═════ Data excerpts
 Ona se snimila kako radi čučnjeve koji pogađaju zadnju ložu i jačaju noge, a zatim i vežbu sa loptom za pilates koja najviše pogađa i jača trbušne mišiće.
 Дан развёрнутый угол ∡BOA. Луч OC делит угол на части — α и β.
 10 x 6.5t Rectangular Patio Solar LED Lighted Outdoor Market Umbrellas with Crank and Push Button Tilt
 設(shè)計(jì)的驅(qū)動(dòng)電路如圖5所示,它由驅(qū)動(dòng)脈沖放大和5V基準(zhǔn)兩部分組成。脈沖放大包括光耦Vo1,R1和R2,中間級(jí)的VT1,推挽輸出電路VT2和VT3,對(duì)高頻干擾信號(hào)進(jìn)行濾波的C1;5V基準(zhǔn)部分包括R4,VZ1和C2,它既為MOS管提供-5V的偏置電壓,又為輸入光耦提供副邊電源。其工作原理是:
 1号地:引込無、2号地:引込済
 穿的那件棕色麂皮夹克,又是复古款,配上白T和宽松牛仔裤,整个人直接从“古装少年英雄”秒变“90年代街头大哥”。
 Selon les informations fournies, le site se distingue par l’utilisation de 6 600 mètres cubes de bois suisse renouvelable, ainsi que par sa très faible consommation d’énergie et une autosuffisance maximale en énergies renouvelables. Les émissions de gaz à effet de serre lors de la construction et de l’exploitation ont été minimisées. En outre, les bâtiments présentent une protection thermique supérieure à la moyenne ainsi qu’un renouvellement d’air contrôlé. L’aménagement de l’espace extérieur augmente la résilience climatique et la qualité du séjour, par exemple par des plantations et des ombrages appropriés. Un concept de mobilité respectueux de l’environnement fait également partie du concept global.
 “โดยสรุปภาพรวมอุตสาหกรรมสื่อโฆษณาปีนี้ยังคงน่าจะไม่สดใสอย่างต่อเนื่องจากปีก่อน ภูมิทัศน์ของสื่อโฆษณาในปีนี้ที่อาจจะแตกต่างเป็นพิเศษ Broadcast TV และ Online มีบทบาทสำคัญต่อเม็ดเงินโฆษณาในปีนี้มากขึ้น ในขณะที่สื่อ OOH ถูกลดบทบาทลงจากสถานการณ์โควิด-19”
══════════
### Description of the task
Retype exactly, and only, the lines that run from the one with "穿的那件棕色麂皮夹克,又是复" through the final line of the entries.

### Task output
 穿的那件棕色麂皮夹克,又是复古款,配上白T和宽松牛仔裤,整个人直接从“古装少年英雄”秒变“90年代街头大哥”。
 Selon les informations fournies, le site se distingue par l’utilisation de 6 600 mètres cubes de bois suisse renouvelable, ainsi que par sa très faible consommation d’énergie et une autosuffisance maximale en énergies renouvelables. Les émissions de gaz à effet de serre lors de la construction et de l’exploitation ont été minimisées. En outre, les bâtiments présentent une protection thermique supérieure à la moyenne ainsi qu’un renouvellement d’air contrôlé. L’aménagement de l’espace extérieur augmente la résilience climatique et la qualité du séjour, par exemple par des plantations et des ombrages appropriés. Un concept de mobilité respectueux de l’environnement fait également partie du concept global.
 “โดยสรุปภาพรวมอุตสาหกรรมสื่อโฆษณาปีนี้ยังคงน่าจะไม่สดใสอย่างต่อเนื่องจากปีก่อน ภูมิทัศน์ของสื่อโฆษณาในปีนี้ที่อาจจะแตกต่างเป็นพิเศษ Broadcast TV และ Online มีบทบาทสำคัญต่อเม็ดเงินโฆษณาในปีนี้มากขึ้น ในขณะที่สื่อ OOH ถูกลดบทบาทลงจากสถานการณ์โควิด-19”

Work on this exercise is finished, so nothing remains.